Eterna guerra
Frente a frente o bem e o mal, representados tal qual o I-Ching. Éramos combatentes, dispostos a morrer por nosso reino, se fosse preciso. Acreditávamos no caráter de nosso rei e nos ideais de igualdade e justiça que nos haviam sido inspirados. À nossa frente, o inimigo. Observávamos seus passos ruidosos como quem observa a própria imagem num espelho. Porém, uma imagem distorcida. A sombra negra do outro era contrária a tudo que julgávamos correto. Eram inimigos da justiça, da honra e da igualdade. Nosso inimigo era sorrateiro e desprovido de virtudes. Sua existência era uma afronta à soberania de nosso rei e à angelical figura de nossa rainha. Valia à pena morrer por nosso glorioso rei. Valia a pena morrer por nossa divina rainha. Assim, avançamos com cautela. De forma estratégica, partimos para cima do inimigo. Porém, nossas defesas vacilaram. O mal não possui limites e sua sombra não pode ser subestimada. Com seus cavalos negros, avançaram ceifando alguns dos nossos, conquistando precioso espaço para que os seus sacerdotes malevólos lançassem mão de suas artimanhas, invadindo nosso reino com sua lábia tenebrosa.

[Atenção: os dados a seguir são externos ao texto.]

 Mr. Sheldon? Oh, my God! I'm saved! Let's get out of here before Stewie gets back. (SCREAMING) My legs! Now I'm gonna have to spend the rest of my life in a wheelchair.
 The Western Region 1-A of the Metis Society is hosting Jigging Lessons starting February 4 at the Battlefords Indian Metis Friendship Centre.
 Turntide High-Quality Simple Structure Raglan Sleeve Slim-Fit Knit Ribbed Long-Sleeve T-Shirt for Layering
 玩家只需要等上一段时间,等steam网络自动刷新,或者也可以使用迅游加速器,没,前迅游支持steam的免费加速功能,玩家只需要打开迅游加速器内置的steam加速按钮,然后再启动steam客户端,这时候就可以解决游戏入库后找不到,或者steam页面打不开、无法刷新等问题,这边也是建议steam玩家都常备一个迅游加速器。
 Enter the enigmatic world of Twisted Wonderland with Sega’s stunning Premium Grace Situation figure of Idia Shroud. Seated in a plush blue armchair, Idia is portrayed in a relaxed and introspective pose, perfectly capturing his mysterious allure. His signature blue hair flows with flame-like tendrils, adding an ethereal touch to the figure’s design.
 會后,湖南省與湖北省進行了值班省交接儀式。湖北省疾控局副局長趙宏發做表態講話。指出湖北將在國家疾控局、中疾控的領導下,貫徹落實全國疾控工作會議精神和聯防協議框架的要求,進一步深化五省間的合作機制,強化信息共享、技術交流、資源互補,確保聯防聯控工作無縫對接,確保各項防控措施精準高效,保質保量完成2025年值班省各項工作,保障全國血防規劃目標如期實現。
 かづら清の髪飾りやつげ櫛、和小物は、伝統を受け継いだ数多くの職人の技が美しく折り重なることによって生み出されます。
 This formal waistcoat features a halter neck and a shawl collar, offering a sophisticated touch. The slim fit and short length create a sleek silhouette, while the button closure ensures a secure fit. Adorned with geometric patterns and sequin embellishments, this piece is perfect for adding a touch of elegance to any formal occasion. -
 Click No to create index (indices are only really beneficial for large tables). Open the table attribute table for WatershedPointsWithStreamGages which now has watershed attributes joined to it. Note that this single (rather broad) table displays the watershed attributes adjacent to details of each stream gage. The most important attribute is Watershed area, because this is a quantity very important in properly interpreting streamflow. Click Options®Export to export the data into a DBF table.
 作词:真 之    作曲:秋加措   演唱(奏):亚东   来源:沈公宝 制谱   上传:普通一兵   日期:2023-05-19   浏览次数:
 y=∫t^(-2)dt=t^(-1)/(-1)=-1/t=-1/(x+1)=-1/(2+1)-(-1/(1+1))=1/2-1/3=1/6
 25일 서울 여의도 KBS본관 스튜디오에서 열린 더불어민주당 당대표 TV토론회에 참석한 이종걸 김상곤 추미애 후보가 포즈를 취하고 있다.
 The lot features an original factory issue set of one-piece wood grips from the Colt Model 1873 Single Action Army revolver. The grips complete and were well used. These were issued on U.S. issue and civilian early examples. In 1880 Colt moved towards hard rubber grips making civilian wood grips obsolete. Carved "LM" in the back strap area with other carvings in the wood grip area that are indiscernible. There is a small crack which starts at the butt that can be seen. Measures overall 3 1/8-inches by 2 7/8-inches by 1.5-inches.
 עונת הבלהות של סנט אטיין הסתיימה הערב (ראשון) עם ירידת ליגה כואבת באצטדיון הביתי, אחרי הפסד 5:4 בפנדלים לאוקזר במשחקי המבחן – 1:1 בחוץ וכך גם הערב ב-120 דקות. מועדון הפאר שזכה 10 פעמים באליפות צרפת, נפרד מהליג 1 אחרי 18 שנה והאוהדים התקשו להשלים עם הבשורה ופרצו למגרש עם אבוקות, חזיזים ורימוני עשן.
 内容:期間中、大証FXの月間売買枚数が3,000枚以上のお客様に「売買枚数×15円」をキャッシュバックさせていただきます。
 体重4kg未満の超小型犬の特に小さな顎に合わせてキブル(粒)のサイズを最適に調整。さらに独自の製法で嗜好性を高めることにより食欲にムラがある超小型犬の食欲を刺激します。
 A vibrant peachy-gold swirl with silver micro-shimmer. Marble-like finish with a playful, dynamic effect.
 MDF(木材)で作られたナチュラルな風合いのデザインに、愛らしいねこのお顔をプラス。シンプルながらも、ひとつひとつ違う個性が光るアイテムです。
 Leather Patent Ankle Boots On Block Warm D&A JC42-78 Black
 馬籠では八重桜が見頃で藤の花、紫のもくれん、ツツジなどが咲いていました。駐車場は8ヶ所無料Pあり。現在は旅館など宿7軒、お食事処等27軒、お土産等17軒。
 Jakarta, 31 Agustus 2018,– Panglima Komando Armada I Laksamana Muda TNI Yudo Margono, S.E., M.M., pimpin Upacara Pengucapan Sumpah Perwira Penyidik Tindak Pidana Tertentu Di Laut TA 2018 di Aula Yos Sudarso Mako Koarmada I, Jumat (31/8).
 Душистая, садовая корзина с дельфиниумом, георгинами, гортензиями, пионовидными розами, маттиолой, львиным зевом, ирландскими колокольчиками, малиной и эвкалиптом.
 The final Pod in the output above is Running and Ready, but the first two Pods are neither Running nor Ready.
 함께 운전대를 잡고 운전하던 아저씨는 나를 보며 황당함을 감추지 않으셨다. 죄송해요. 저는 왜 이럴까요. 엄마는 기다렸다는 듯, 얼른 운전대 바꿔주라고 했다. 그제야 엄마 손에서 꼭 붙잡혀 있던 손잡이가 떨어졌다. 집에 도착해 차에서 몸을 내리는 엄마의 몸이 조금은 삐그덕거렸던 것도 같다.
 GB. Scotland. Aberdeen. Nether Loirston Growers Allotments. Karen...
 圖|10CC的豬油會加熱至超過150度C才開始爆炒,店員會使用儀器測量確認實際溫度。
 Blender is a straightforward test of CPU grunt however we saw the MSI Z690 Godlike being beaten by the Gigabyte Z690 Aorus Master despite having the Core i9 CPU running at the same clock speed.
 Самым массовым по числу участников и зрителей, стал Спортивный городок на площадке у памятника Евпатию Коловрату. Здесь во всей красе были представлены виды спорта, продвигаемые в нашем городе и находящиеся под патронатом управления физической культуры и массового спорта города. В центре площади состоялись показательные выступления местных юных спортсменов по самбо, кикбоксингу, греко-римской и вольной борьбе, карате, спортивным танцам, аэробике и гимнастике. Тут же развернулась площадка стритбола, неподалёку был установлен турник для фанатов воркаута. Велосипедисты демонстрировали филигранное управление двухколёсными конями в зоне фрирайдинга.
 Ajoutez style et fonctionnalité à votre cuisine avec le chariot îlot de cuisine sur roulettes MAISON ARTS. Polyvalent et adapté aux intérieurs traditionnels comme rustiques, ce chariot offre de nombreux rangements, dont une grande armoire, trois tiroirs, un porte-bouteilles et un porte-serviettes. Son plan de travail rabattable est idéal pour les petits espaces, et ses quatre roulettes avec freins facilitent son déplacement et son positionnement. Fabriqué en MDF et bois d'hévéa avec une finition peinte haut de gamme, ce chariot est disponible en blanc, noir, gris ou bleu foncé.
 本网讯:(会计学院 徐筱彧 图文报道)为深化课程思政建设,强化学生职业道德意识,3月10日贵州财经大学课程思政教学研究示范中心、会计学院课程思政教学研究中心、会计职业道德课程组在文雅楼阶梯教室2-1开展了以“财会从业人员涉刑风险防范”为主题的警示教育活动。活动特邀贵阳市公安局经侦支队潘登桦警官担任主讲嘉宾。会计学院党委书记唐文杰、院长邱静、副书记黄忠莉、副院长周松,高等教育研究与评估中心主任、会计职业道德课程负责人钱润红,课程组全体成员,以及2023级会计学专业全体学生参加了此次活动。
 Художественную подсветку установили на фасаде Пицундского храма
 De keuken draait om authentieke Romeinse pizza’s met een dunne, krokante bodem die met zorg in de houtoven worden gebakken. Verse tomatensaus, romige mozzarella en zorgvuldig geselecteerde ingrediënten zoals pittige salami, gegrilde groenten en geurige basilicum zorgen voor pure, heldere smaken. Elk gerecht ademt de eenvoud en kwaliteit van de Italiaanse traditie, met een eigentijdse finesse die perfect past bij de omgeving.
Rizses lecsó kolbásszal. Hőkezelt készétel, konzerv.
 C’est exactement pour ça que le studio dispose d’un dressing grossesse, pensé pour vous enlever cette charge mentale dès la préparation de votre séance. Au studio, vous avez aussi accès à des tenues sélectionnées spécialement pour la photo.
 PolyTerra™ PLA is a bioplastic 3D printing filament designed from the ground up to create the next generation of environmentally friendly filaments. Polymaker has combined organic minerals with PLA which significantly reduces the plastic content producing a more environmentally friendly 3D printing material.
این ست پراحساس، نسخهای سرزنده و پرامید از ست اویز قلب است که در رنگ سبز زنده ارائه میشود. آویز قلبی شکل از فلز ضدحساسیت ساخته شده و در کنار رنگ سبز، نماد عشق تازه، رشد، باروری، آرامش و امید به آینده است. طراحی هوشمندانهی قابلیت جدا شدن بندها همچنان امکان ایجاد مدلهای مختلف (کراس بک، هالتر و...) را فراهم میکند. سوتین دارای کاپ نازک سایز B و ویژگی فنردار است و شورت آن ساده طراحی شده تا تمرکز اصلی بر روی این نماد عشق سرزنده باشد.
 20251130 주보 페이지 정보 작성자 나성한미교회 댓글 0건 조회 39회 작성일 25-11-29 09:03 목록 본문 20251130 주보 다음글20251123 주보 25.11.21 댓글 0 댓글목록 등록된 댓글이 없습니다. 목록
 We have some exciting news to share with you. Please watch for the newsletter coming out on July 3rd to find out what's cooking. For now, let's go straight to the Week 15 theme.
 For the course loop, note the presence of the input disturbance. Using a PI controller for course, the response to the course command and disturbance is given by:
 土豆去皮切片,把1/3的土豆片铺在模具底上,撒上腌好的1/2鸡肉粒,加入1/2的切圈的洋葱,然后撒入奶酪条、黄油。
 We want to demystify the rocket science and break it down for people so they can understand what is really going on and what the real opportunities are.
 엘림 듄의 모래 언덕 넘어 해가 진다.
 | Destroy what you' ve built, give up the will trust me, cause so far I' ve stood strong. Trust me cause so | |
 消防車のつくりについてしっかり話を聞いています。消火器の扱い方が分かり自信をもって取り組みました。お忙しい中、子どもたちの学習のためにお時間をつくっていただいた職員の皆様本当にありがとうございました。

Assim, outros de nós, ao ouvirem tais palavras enfeitiçadas (e plenas de mentiras), e que diziam coisas agradáveis e nocivas, também foram dizimados, derrotados por suas fraquezas.
À esta altura, lutávamos poucos de nós. Somente um cavaleiro ainda resistia bravamente. Nosso reino estava em chamas, nossas torres abaladas, assim como a própria fé dos nossos religiosos, diante do fim. Assim, nós, os remanescentes, pudemos perceber que o reino de cá, não era diferente do reino de lá. Que a sujeira também se escondia sob a tinta branca de nossas casas e que os ideais de justiça e igualdade proferidos por nosso rei era apenas uma ilusão, com a qual ele regava nossos sonhos e que garantia a realidade de privilégios. À esta altura, o covarde já se escondera, buscando preservar sua coroa. Não valia a pena lutar por ele. Era indigno morrer por um rei humano ou crer nas mentiras dos bispos, de vestes alvas e corações trevosos. Mas ainda havia a rainha. Exposta, abandonada por seu companheiro infiel, beberrão e luxurioso. Como era frágil o nosso reino que, em chamas, mostrava toda a sujeira que nunca havia sido vista. Nossa rainha chorava, mas corajosa, lançava-se à morte. Não valia a pena lutar por nosso rei, nem pelo frágil reino corrupto que ele erguera. Mas valia a pena lutar pela rainha e, principalmente, pela fé que pulsava em meu coração e que me fazia acreditar num Deus, diferente daquele descrito pelos religiosos de minha terra. Assim, de forma audaciosa e, até atrevida, coube a mim aproveitar-me de um momento de glória do inimigo para chegar próximo do imperador negro e cravar-lhe minha espada. Xeque-Mate.